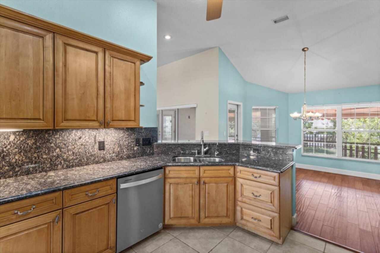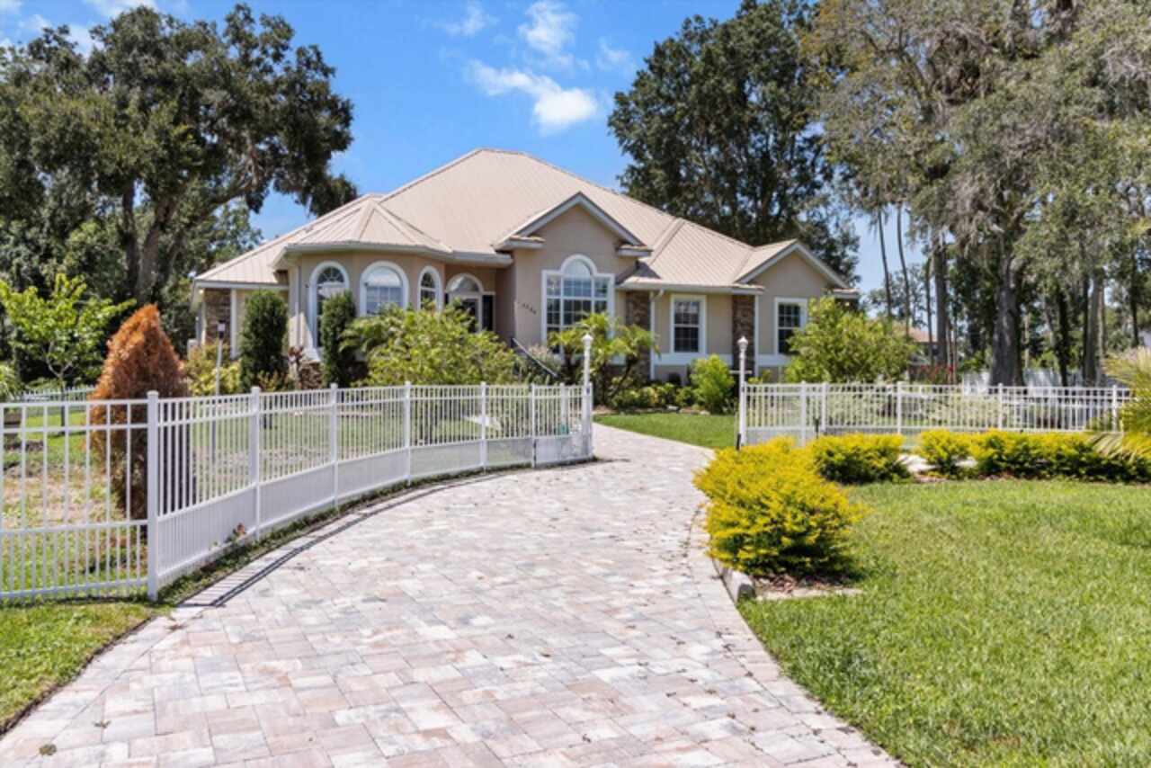 NEVER FLOODED! Custom-built in 2006, this beautiful residence is located in Bluewater Estates, just minutes from Homosassa’s National Wildlife Park and the main springs of the Homosassa River. This 3 bedroom, 3 bath home with den offers over 2, 100 square feet of living space and more than 2, 900 square feet under roof. The open floor plan features cathedral ceilings, Shaw hardwood floors, and ceramic tile throughout with lush carpeting in the bedrooms. The spacious kitchen is designed for both cooking and entertaining with granite countertops, stainless steel appliances, and custom wood cabinetry. The owner’s suite includes dual walk-in closets, dual sinks, a jetted garden tub, separate shower, and a mini-split A/C for added comfort. A whole-house generator powered by an owned propane tank provides peace of mind, while the newer metal roof ( 2022) adds lasting value. Additional highlights include a circular brick paver driveway, rear-entry garage, sprinkler system, alarm system, in-wall pest control, and decorative fenced dog runs both front and rear. With its prime location, thoughtful upgrades, and quality finishes, this home is a pleasure to show
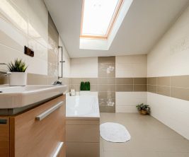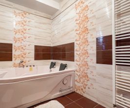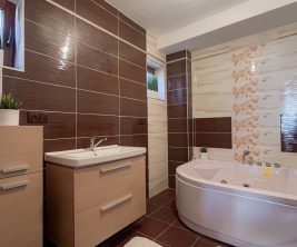 חדר רחצה עם אמבטיה פינתי.
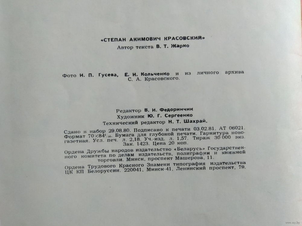 Шестьдесят лет своей жизни отдал Степан Акимович Красовский служению любимой Родине, созданию и укреплению ее Военно-Воздушных Сил, защите завоеваний Великой Октябрьской социалистической революции. В этом Степан Акимович видит свой долг коммуниста, долг гражданина СССР, в этом он видит счастье своей жизни. Свернуть Серия: Жизнь-подвиг Издательство: Беларусь
-*-
Exercise requirements:
Copy out every line of the material above precisely, omitting the pictures.

Expected output:
 NEVER FLOODED! Custom-built in 2006, this beautiful residence is located in Bluewater Estates, just minutes from Homosassa’s National Wildlife Park and the main springs of the Homosassa River. This 3 bedroom, 3 bath home with den offers over 2, 100 square feet of living space and more than 2, 900 square feet under roof. The open floor plan features cathedral ceilings, Shaw hardwood floors, and ceramic tile throughout with lush carpeting in the bedrooms. The spacious kitchen is designed for both cooking and entertaining with granite countertops, stainless steel appliances, and custom wood cabinetry. The owner’s suite includes dual walk-in closets, dual sinks, a jetted garden tub, separate shower, and a mini-split A/C for added comfort. A whole-house generator powered by an owned propane tank provides peace of mind, while the newer metal roof ( 2022) adds lasting value. Additional highlights include a circular brick paver driveway, rear-entry garage, sprinkler system, alarm system, in-wall pest control, and decorative fenced dog runs both front and rear. With its prime location, thoughtful upgrades, and quality finishes, this home is a pleasure to show
 חדר רחצה עם אמבטיה פינתי.
 Шестьдесят лет своей жизни отдал Степан Акимович Красовский служению любимой Родине, созданию и укреплению ее Военно-Воздушных Сил, защите завоеваний Великой Октябрьской социалистической революции. В этом Степан Акимович видит свой долг коммуниста, долг гражданина СССР, в этом он видит счастье своей жизни. Свернуть Серия: Жизнь-подвиг Издательство: Беларусь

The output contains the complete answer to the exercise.